Non-essential cookies and analytics tools are used only after you have provided consent in accordance with Article 6(1)(a) GDPR. Data processed through cookies is stored in accordance with the retention period stated for each cookie in our cookie policy. You can withdraw your consent at any time via our consent module.

Comply with legal obligations

We process personal data when required by law, for example under the Swedish Patient Data Act, the Swedish Accounting Act, data protection legislation, or decisions by authorities.

Legal basis: Article 6(1)(c) GDPR and, where applicable, Article 9(2)(h) GDPR.

4. Who will have access to my data?

Your personal data is shared only with recipients to the extent necessary to provide our Services or when we are required by law to do so. Only authorized personnel who need the data for their work have access to special categories of personal data, such as health data. Access is role-based and controlled.

Partners and suppliers

We may share personal data with the following categories of recipients:

  • Laboratories, clinics, and healthcare providers that perform sampling, analyses, examinations, or further medical investigation (including receiving healthcare providers in the event of referral and radiology units),
    • a
  • IT suppliers and operations providers for systems, data storage, and technical infrastructure,
  • Providers of communication services (e.g., SMS and email distribution),
  • Payment service providers and financial administration services,
  • Medical consultants and other professional advisors.
  • Providers for reviews and customer surveys (e.g., Trustpilot)

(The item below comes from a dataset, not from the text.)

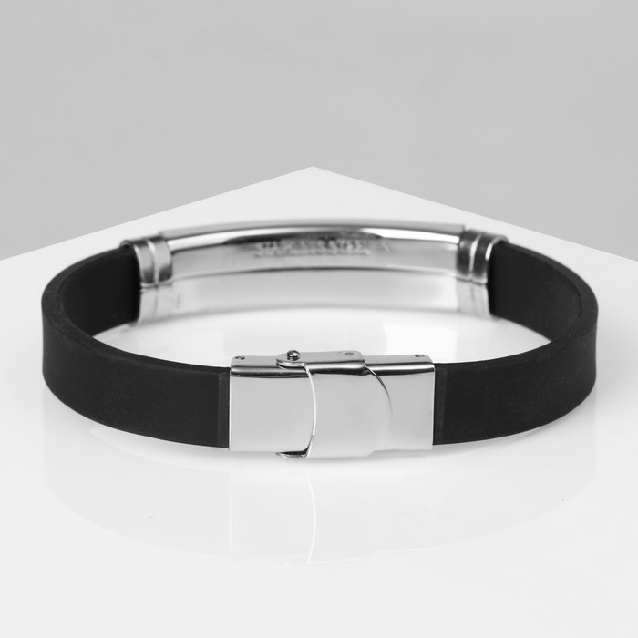 Этот унисекс браслет из каучука с металлическими вставками и узорчатым прямоугольным дизайном — универсальный аксессуар, который подойдет как мужчинам, так и женщинам. Черный цвет с серебряной фурнитурой делает его стильным дополнением к повседневным и деловым образам. Размер 22 см обеспечивает комфортную посадку на запястье, а складная застёжка (тогл) гарантирует надежное крепление.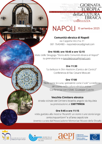 A Napoli la giornata si aprirà nella Sinagoga di via Cappella Vecchia 31, dove gli ospiti saranno accompagnati alla scoperta della cultura e delle tradizioni ebraiche con le visite guidate alla Sinagoga (alle 10.00 alle 10.45 e alle 12.15 ingresso libero su prenotazione a napoliebraica@gmail.com), recentemente risistemata con fondi della Regione Campania.

Examples of how sharing takes place in practice:

  • Upon activation of a referral: we send referral and identification data to the chosen laboratory and healthcare provider so that sampling and analysis or examination can be carried out.
  • For referral and test result transmission: data may be transmitted via Infosolution (Labportalen) between registered healthcare providers and connected laboratories.
  • Communication: we use suppliers to send, for example, booking information, status updates, and test result information via SMS/email.

When external suppliers process personal data on our behalf, this takes place under data processing agreements in accordance with Article 28 GDPR. Some recipients, such as laboratories or other healthcare providers, may be independent data controllers for the processing they perform within the scope of their operations.

Employers

If a health check is paid for by your employer, we may disclose a consolidated report with aggregated results at group level. The report does not contain individual test results or other information that identifies specific individuals and can only be filtered at department level when groups are sufficiently large.

The employer may also, if you explicitly approve it, receive information about which individuals have completed the health check (name) to the extent necessary for administration and follow-up of the employer-funded arrangement. The employer may not access individual results.

Authorities

We may disclose personal data to authorities when we are required to do so by law or by decisions of authorities.

Transfer of business

In the event of a restructuring, merger, or transfer of the business, personal data may be transferred to the acquiring party. In such a case, we ensure that the transfer takes place in accordance with applicable data protection legislation and that your rights continue to be respected.

5. How do you protect my personal data?

We implement appropriate technical and organizational security measures in accordance with Article 32 GDPR to protect your personal data against unauthorized access, loss, alteration, or unlawful disclosure.

Our security measures include, among other things:

  • Role-based access control based on job responsibilities,
  • Encryption of personal data in transit and at rest where appropriate,
  • Secure login solutions and authentication mechanisms,
  • Protection through firewalls, intrusion protection, and continuous monitoring of systems,
  • Regular backups and procedures for data recovery,
  • Internal guidelines, training, and confidentiality undertakings for staff,
  • Regular testing and evaluation of our security measures.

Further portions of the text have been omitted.